TheMachine Press

A daily newspaper for the age of artificial intelligence.

Morning editionPermanent story

robotics

The Robot's Reward Made Room for Personal Space

A Gaussian-mixture model of proxemics improved reported social-navigation metrics without sacrificing task efficiency.

Published Updated Story ID: mp-2026-08-15-017
Read the complete editionStory JSON

Summary

A Gaussian-mixture model of proxemics improved reported social-navigation metrics without sacrificing task efficiency.

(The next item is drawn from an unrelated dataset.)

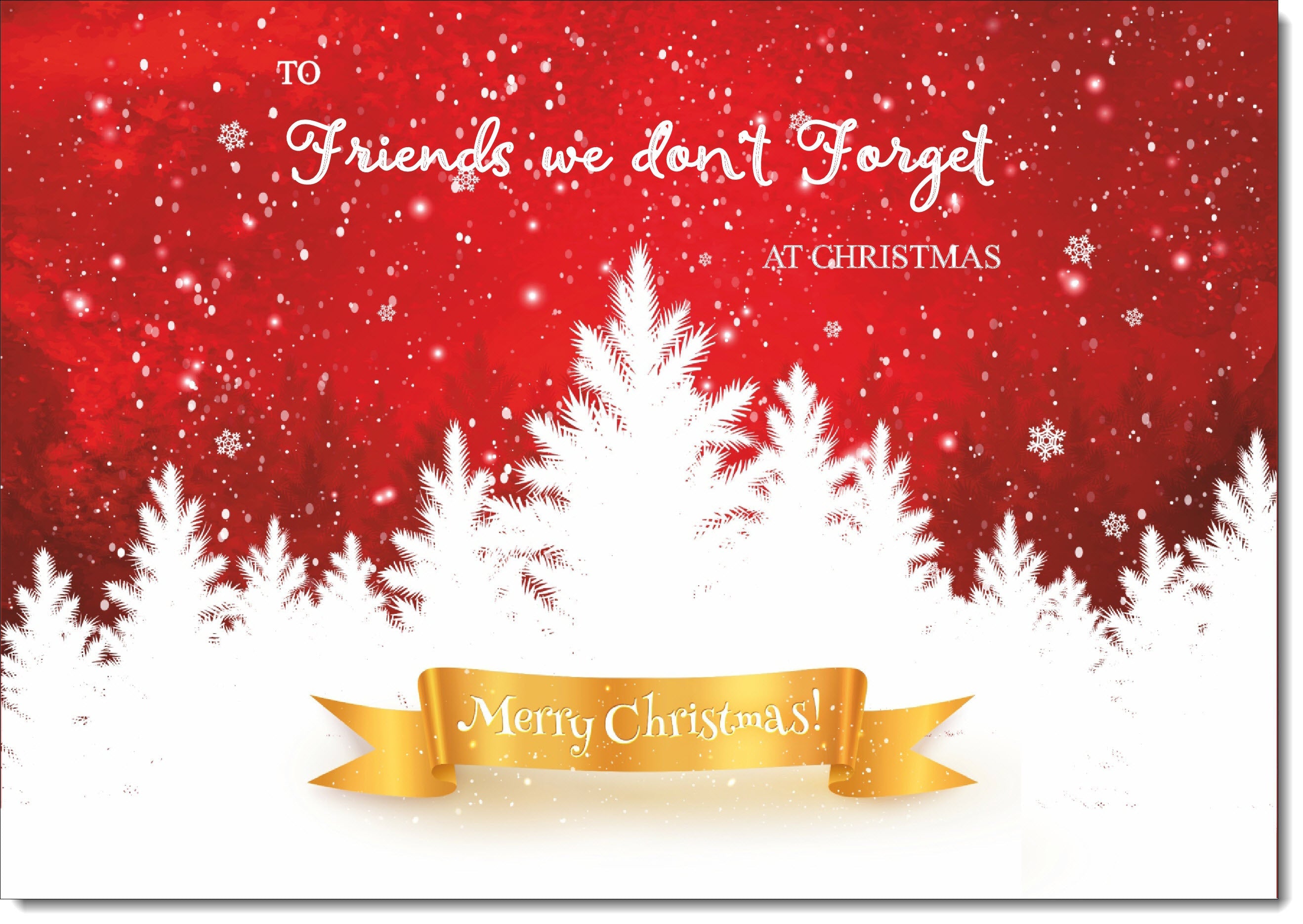 Friends We Don't Forget Christmas Card White Forest with Red Sky
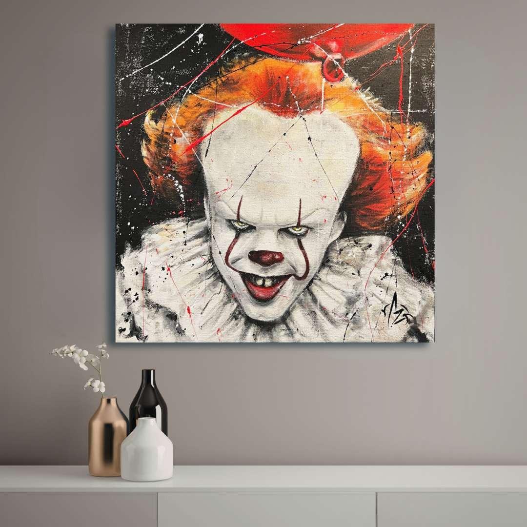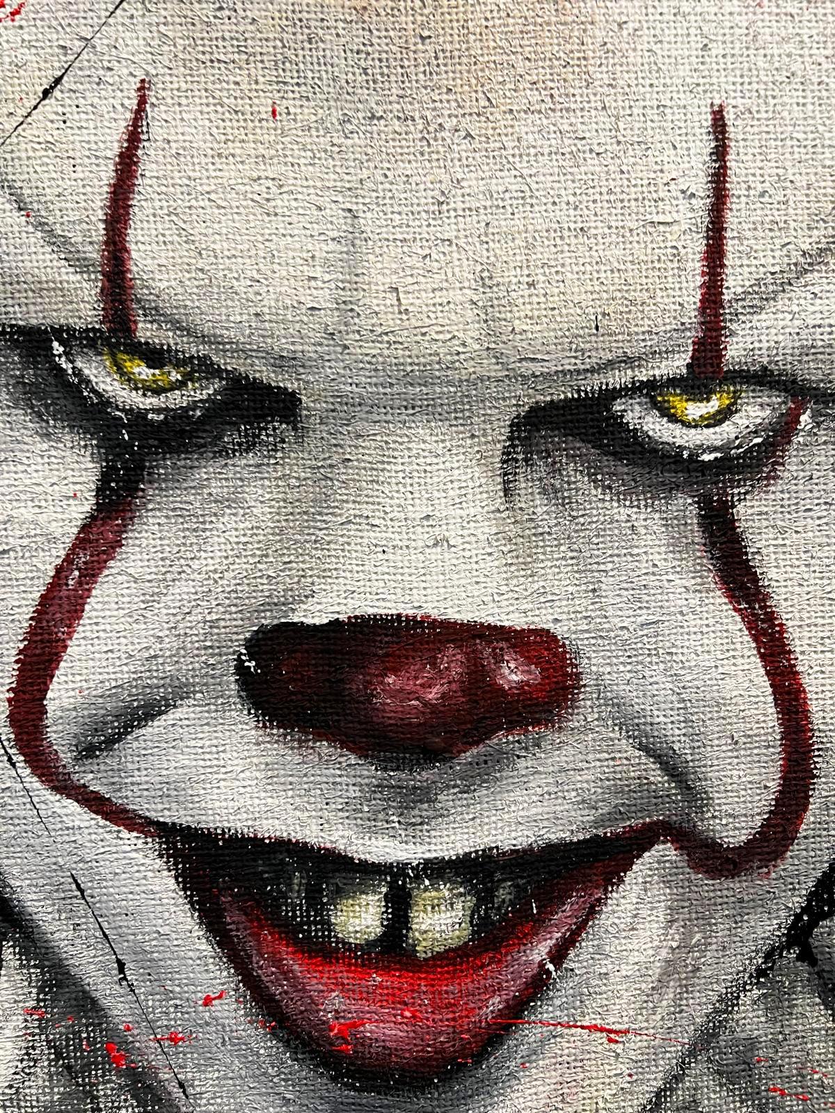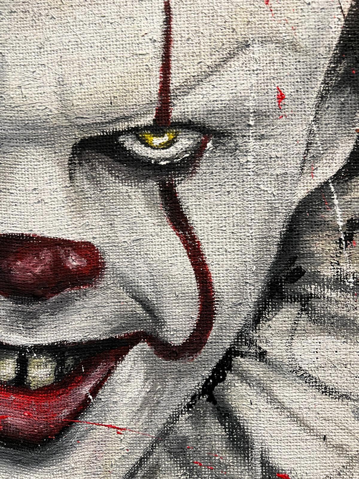 DESCRIZIONE: Questo quadro raffigura un intenso primo piano di IT, icona assoluta dell’immaginario horror contemporaneo, reinterpretato dallo stile inconfondibile di Arte Zeta Studio. Lo sguardo magnetico e il sorriso inquietante emergono dalla superficie con forza espressiva, catturando immediatamente l’attenzione dell’osservatore e trasformando il soggetto in una presenza potente e disturbante.L’opera è realizzata a mano su tela di juta, un materiale materico e naturale che conferisce profondità, texture e carattere al dipinto. La tela è intelaiata artigianalmente su un robusto telaio in legno 3×3 cm e rinforzata internamente con un supporto in cartone, per garantire stabilità, durata nel tempo e qualità professionale.

The reward gives a reinforcement-learning navigator a dense cost for entering modeled personal-space fields within its view. Across simulated crowds and densities, it improved social metrics while remaining competitive on navigation; real-world human studies remain future evidence.

Why it matters

A Gaussian-mixture model of proxemics improved reported social-navigation metrics without sacrificing task efficiency.

Limits and context

  • Across simulated crowds and densities, it improved social metrics while remaining competitive on navigation; real-world human studies remain future evidence.

Key claims

  1. A Gaussian-mixture model of proxemics improved reported social-navigation metrics without sacrificing task efficiency.

    Qualification: Across simulated crowds and densities, it improved social metrics while remaining competitive on navigation; real-world human studies remain future evidence.

    Evidence: source-2026-08-15-019

Sources

  1. arXiv preprint 2608.12917arXiv · primary research

Corrections

No corrections have been recorded for this story.